== Segment start ==

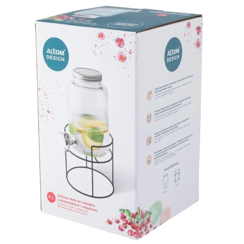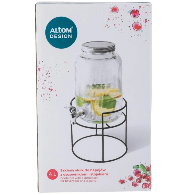 Słój szklany z kranikiem 4 L ze stojakiem do lemoniady napojów wody Altom Design
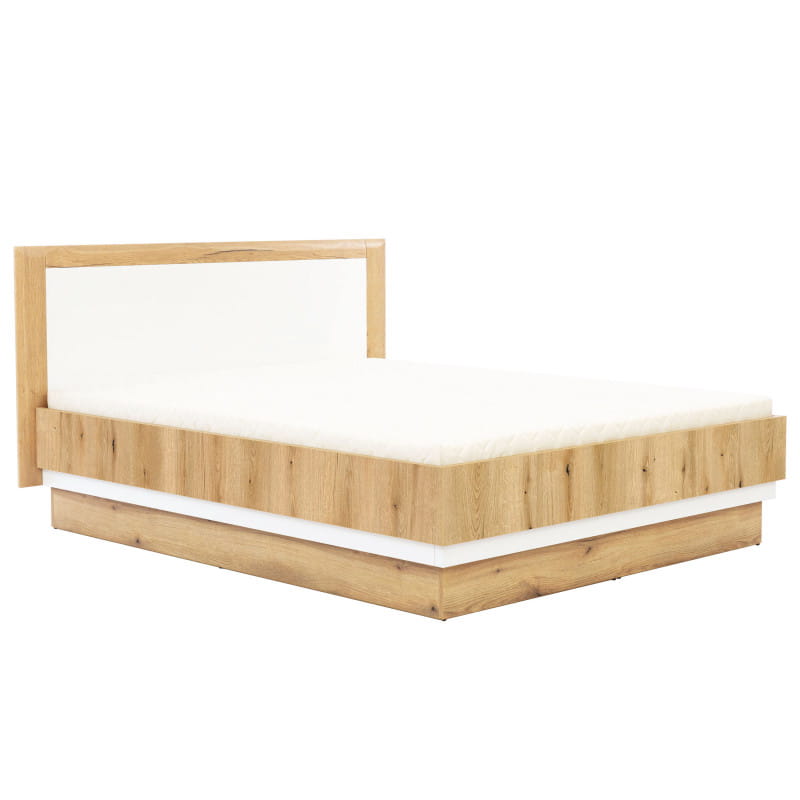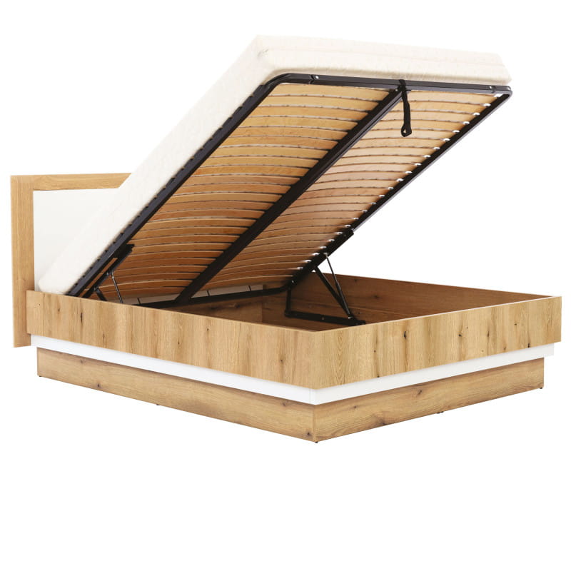 Łoże BESTO BT12 to nieodłączny element wyposażenia każdej sypialni. Prezentuje się nowocześnie i stylowo. Łoże posiada metalowy stelaż z funkcją podnoszenia na podnośnikach hydraulicznych, który gwarantuje odpowiednie podparcie materaca na całej jego szerokości. Zostało wyposażone również w duży pojemnik na pościel, materac natomiast należy zakupić osobno. Jasne drewno w połączeniu z białym zagłowiem idealnie pasują do wnętrz jasnych, wzbogaconych drewnianymi elementami dekoracyjnymi. Dostępne w trzech wymiarach: 140 cm,160 cm,180 cm łoże, idealnie sprawdzi się w konfiguracji z innymi bryłami z serii BESTO lub jako pojedynczy mebel, który można dopasować do własnej aranżacji pomieszczenia.
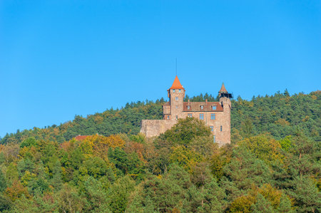 Landscape with view of Berwartstein Castle near Erlenbach. Region Palatinate in state of Rhineland-Palatinate in Germany
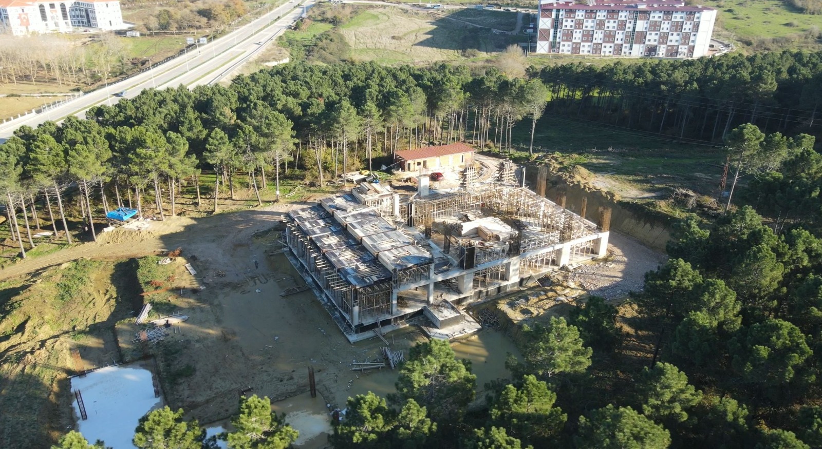 Yaklaşık 5000 metrekare alan üzerine inşa edilen ve 1700 kişinin aynı anda namaz kılabileceği büyüklükte yapımı sürdürülen Sinop Üniversitesi Yerleşkesi Camii, kültür sanat faaliyetlerinin yanı sıra öğrencilerin bilimsel çalışmalarına da ev sahipliği yapabilecek özel bir külliye olarak inşa ediliyor. 26 Temmuz 2024 tarihinde Diyanet İşleri Başkanı Sayın Prof. Dr. Ali Erbaş'ın katılımıyla gerçekleştirilen temel atma töreni sonrası inşaatına başlanan Sinop Üniversitesi Yerleşkesi Caminin kaba inşaat çalışmaları hızla devam ediyor. Devam eden çalışmalarla ilgili bilgi veren Sinop Üniversitesi Yerleşkesi Cami Yaptırma, Yaşatma ve Hizmet Derneği Başkanı Hakkı Bafralı, "Burası bildiğiniz üzere Sinop'un en yoğun lokasyonlarından birisi konumunda. Otogar, hastane ,15.000 üniversite öğrencisi ve Kyk yurtları ile bu bölge insan hareketliliğin en yoğun olduğu yerlerden birisi haline geldi. Bu ihtiyaca binaen Üniversitemiz, İl Müftülüğümüz, Derneğimiz ve hayırseverler vatandaşlarımızın destekleri ile 26 Temmuz 2024 tarihinde temelini attığımız Camimizin yaklaşık %60'ını tamamladık. Özellikle şunu vurgulamak istiyorum ki bu külliye tamamen hayırsever vatandaşlarımızın destekleri ile inşa ediliyor. Camimizin yaklaşık maliyetinin yüzde 51'ini karşılamayı taahhüt eden Ayancıklı iş insanı Sayın Mustafa Özdemir başta olmak üzere birçok hayırseverin destekleri ile camimiz bu noktaya geldi. Bundan sonraki süreçte de yapacak epeyce bir işimiz var. Bu süreci yine hayırsever vatandaşlarımızın destekleri ile tamamlayacağız. Burada özellikle şunu belirtmek istiyorum. Camimizin tüm Sinop'a hizmet verebilmesi Sinoplu vatandaşlarımızın bu külliyeye rahat bir şekilde ulaşabilmesi için özellikle Camimizi Ayancık yolu üzerine planladık. İnşaat süreci tamamlandığında İnşallah tüm vatandaşlarımız bu külliyeyi rahat bir şekilde kullanabilecekler. Ayrıca bu mekan sadece Cami olarak değil aynı zamanda bir külliye hüviyetinde olacak. İçerisinde kütüphane, toplantı salonları, çalışma odaları gibi birçok sosyal donatı alanları bulunacak. Bu muhteşem eser tamamlandığında İnşallah şehrimiz bir İbadet, Bilim ve Kültür Merkezi kazanmış olacak. Ben burada bizlerden desteklerini esirgemeyen Sayın Valimiz başta olmak üzere Üniversitemiz ve İl Müftülüğümüze ayrıca hayırsever İş İnsanı Mustafa Özdemir ve bu hayra ortak olan tüm hayırseverlere teşekkür ediyorum." dedi.
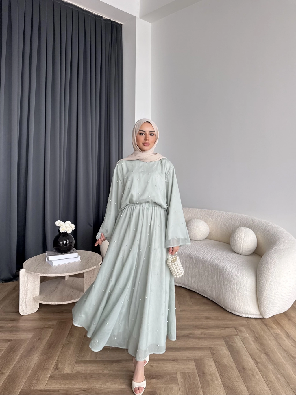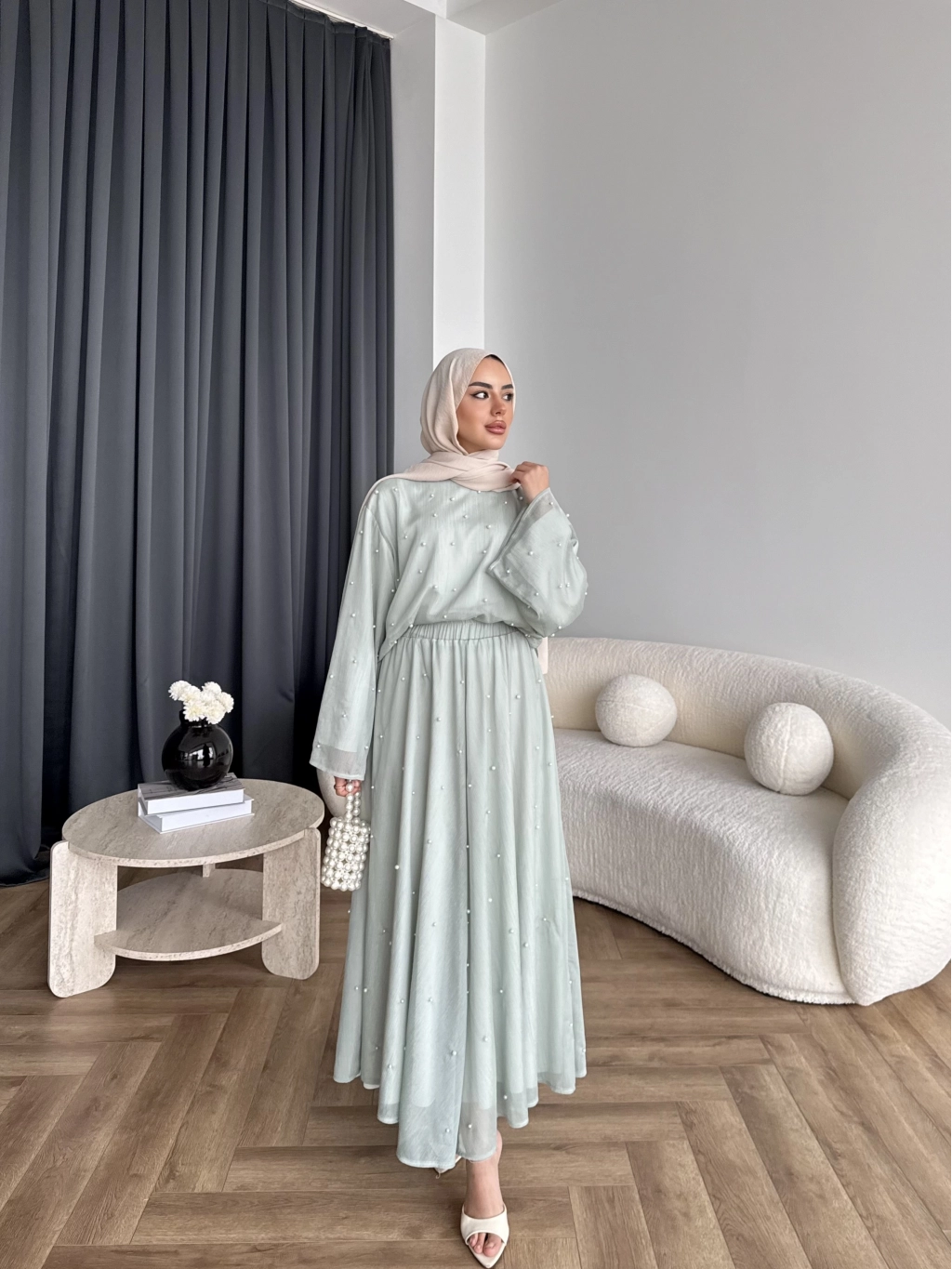 Ng - İncili Etekli Takım - Mint Yeşil
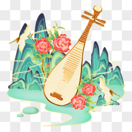 一组手绘国潮风琴棋书画山水组合合集之弹琴元素
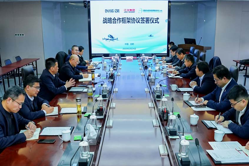 Key officials at the signing ceremony included Hefei Vice Mayor Fei Yuan, JAC Motors chairman Xingchu Xiang and EHang CEO Huazhi Hu. The agreement covers R&D, manufacturing and sales, aligning Hefei’s new energy vehicle sector with low-altitude aviation.
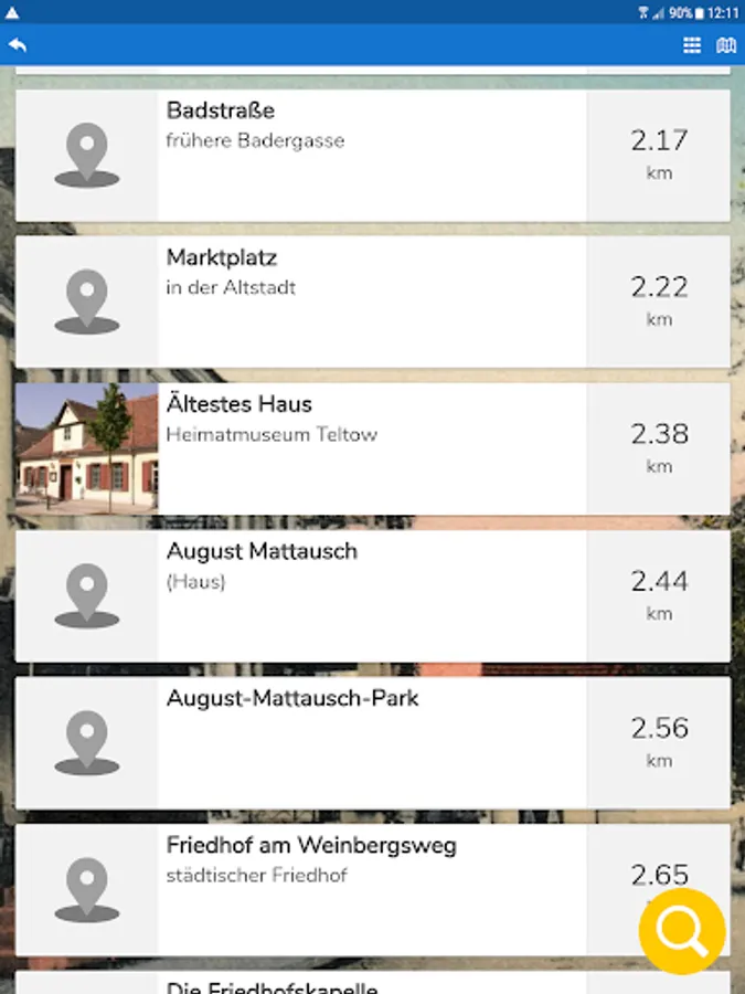 This app contains a (later several) city tours through Teltow. You will receive location-specific information about the nearest stations of the tour.
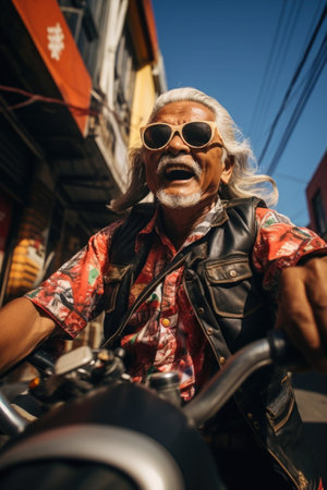 Elderly Chinese man looks youthful in studio portrait, wearing trendy clothing and accessorized with sunglasses and a cap.
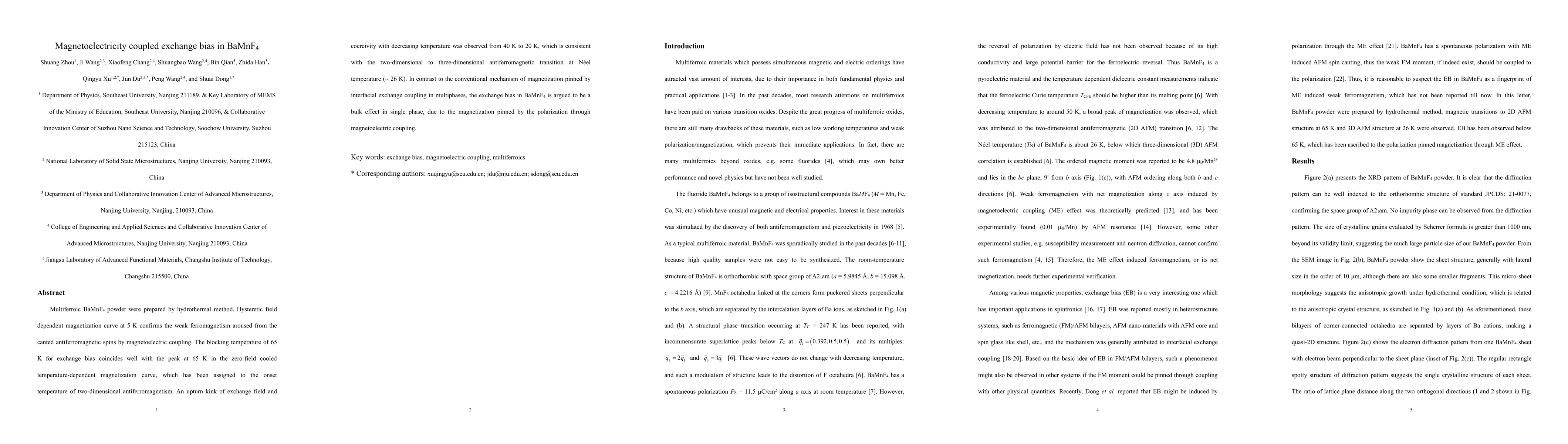 Researchers discovered magnetoelectricity coupled exchange bias in BaMnF$_4$, a multiferroic material, where weak ferromagnetism is triggered by magnetoelectric coupling. The exchange bias occurs due to polarization through magnetoelectric coupling, not interfacial exchange coupling, and varies with temperature.

== Segment end ==

Take the records above from the line with "Ng - İncili Etekli Takım - Mint Yeşil" down to their last line and please copy those lines exactly, without the pictures.

→ Output for this task:
 Ng - İncili Etekli Takım - Mint Yeşil
 一组手绘国潮风琴棋书画山水组合合集之弹琴元素
 Key officials at the signing ceremony included Hefei Vice Mayor Fei Yuan, JAC Motors chairman Xingchu Xiang and EHang CEO Huazhi Hu. The agreement covers R&D, manufacturing and sales, aligning Hefei’s new energy vehicle sector with low-altitude aviation.
 This app contains a (later several) city tours through Teltow. You will receive location-specific information about the nearest stations of the tour.
 Elderly Chinese man looks youthful in studio portrait, wearing trendy clothing and accessorized with sunglasses and a cap.
 Researchers discovered magnetoelectricity coupled exchange bias in BaMnF$_4$, a multiferroic material, where weak ferromagnetism is triggered by magnetoelectric coupling. The exchange bias occurs due to polarization through magnetoelectric coupling, not interfacial exchange coupling, and varies with temperature.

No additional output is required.